Updated in: 28 February 2024 - 12:38

Bogota suspend talks with FARC after general’s abduction

Colombia has suspended peace negotiations with the leftist rebels of the Revolutionary Armed Forces of Colombia (FARC), as the army investigates the kidnapping of a general.
News ID: 61543
Publish Date: 17November 2014 - 16:00

Bogota suspend talks with FARC after general’s abduction

~“Negotiations with #FARC are suspended until the facts of the kidnapping of general (Ruben) Alzate are clarified,” the Ministry of Defense said in a tweet, citing Colombian President Juan Manuel Santos on Sunday.

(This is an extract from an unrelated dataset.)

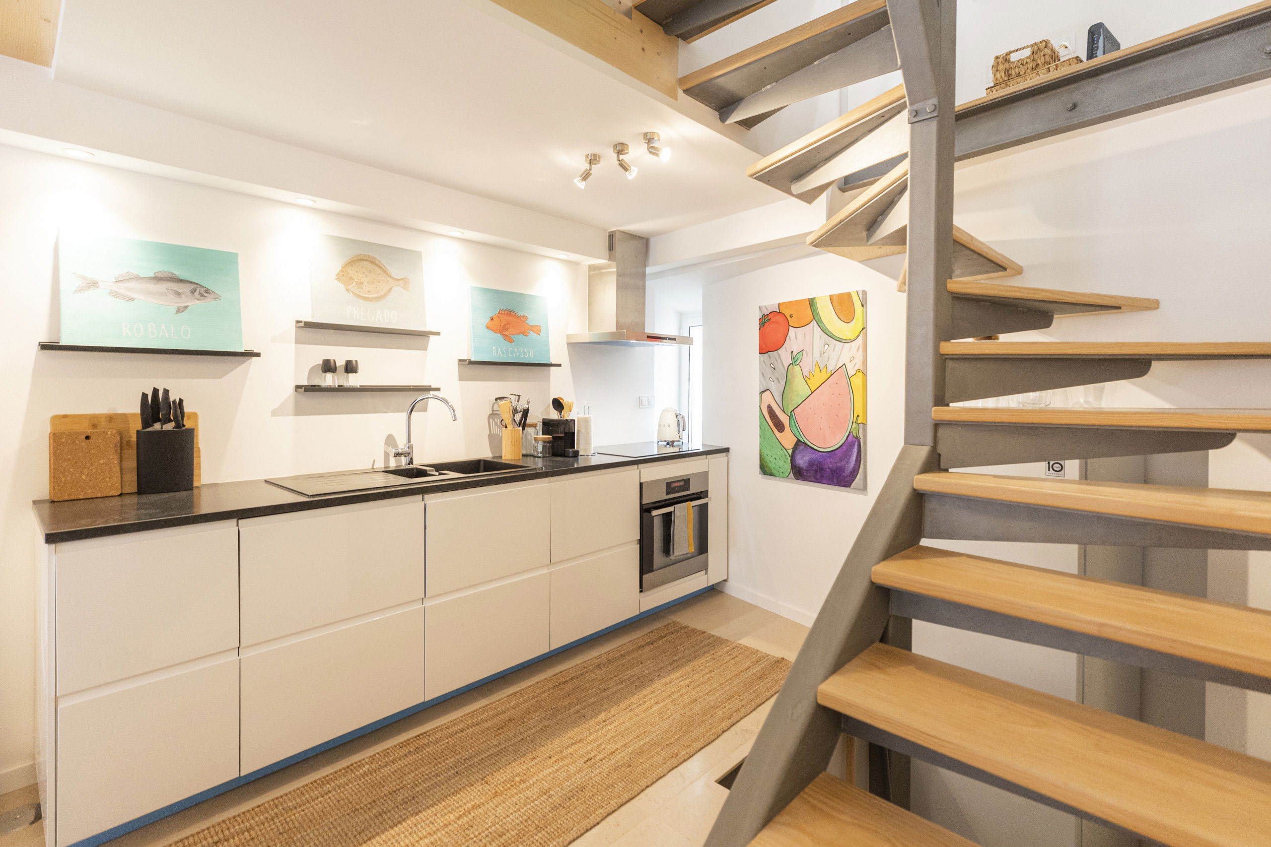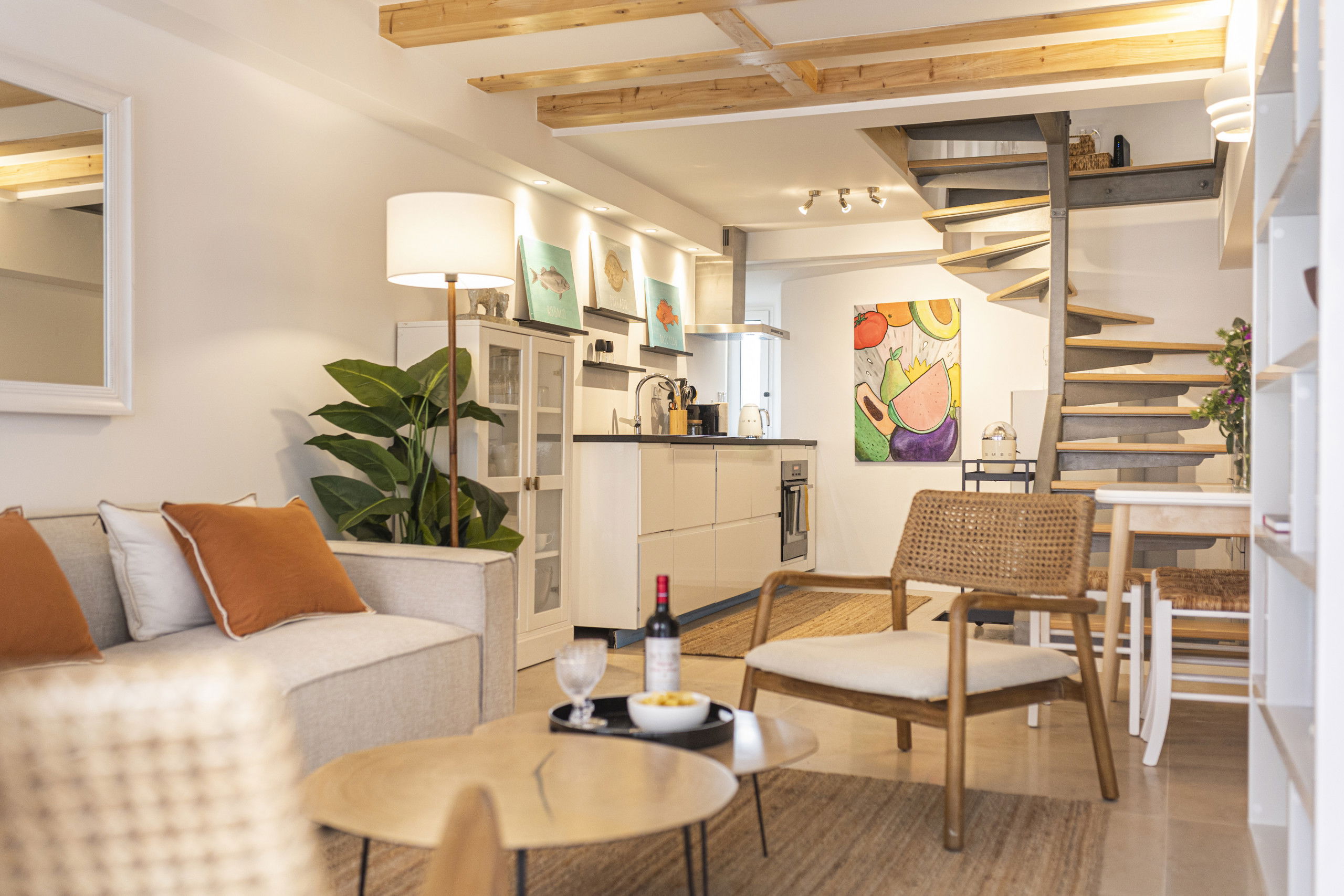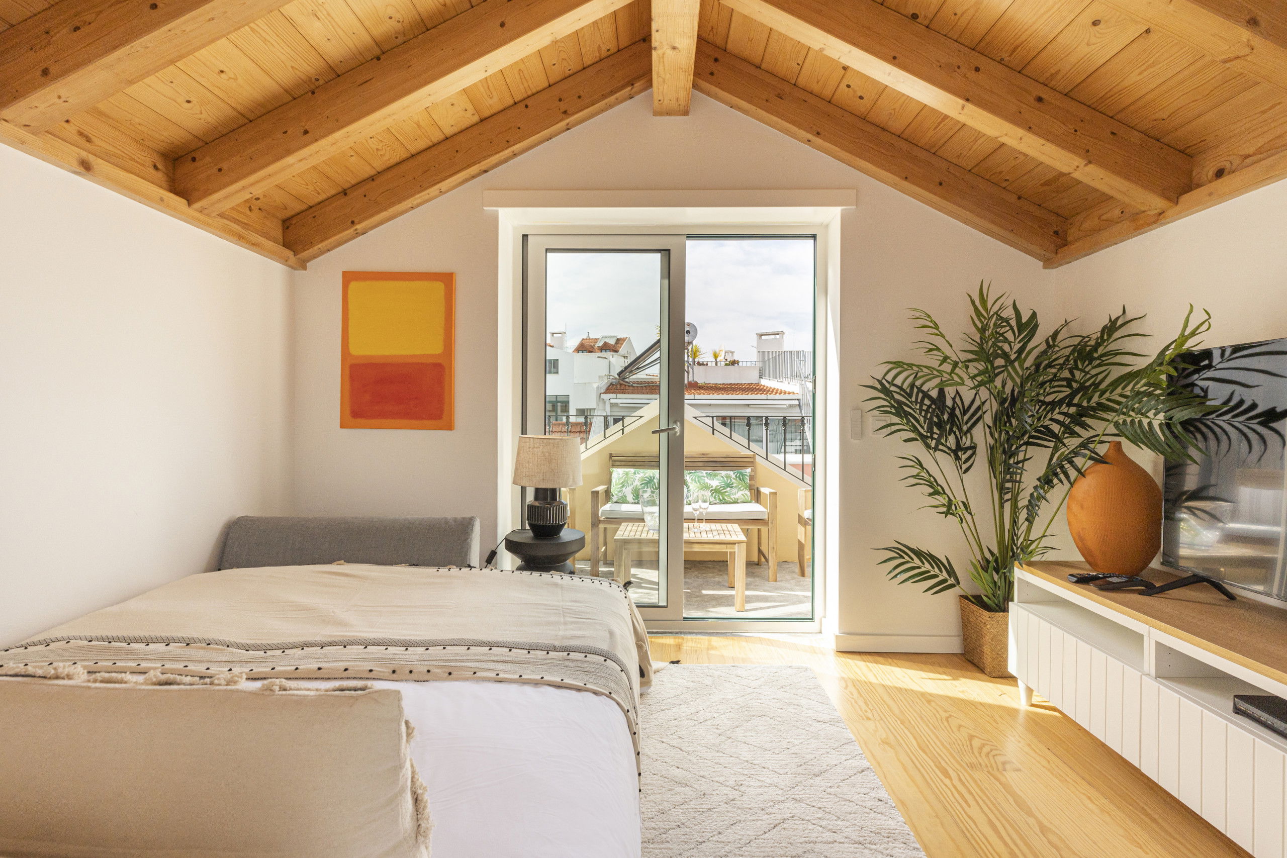 The fun and quirky details of this house are sure to delight and add character to your stay. Colourful artwork adorns the walls and the unique furnishings and décor reflect the vibrant culture of Portugal. Downstairs you will find an open-plan living room/kitchen with a contemporary but cosy feel, tiled floors, and exposed wooden beams. Head upstairs and on the floor there are 2 large, light-filled double bedrooms, beautifully decorated with wooden floors, and fitted wardrobes and there are 2 modern bathrooms. On the top floor, there is a large sunny sitting room that can be converted into a third double bedroom if required. Doors lead directly out to a small private terrace, with gorgeous views across the Cascais rooftops to the bay beyond, the perfect spot for a sundowner or 2! There is also a small bathroom on this floor.

Alzate and two civilians were taken hostage on Sunday while traveling along a remote river in western Colombia. A fourth soldier who succeeded in escaping said that the captors were members of the 34th front of FARC.

President Santos ordered Defense Minister Juan Carlos Pinzon to travel to the Choco department town of Quibdo to oversee a probe into the abduction of Alzate.

“We demand that his captors (all signs point to the FARC) set him free as soon as possible, and safe and sound,” Santos said in a message posted on Twitter.

Pinzon also said late Sunday that when a kidnapping takes place, “the only ones responsible are the kidnappers, in this case the FARC terrorists.” He added that the International Red Cross has been contacted in an attempt to help the release of the captives.

The peace talks between the Colombian government and the rebels had started in November 2012. There had not been a bilateral truce during the negotiations.

The rebels vowed to stop abducting civilians for ransom in 2012. However, they reserved the right to take police and soldiers captive as prisoners of war.

The FARC is Latin America’s oldest insurgent group and has been fighting the government since 1964. The rebel organization is thought to have around 8,000 fighters operating across a large swathe of the eastern jungles of the Andean country.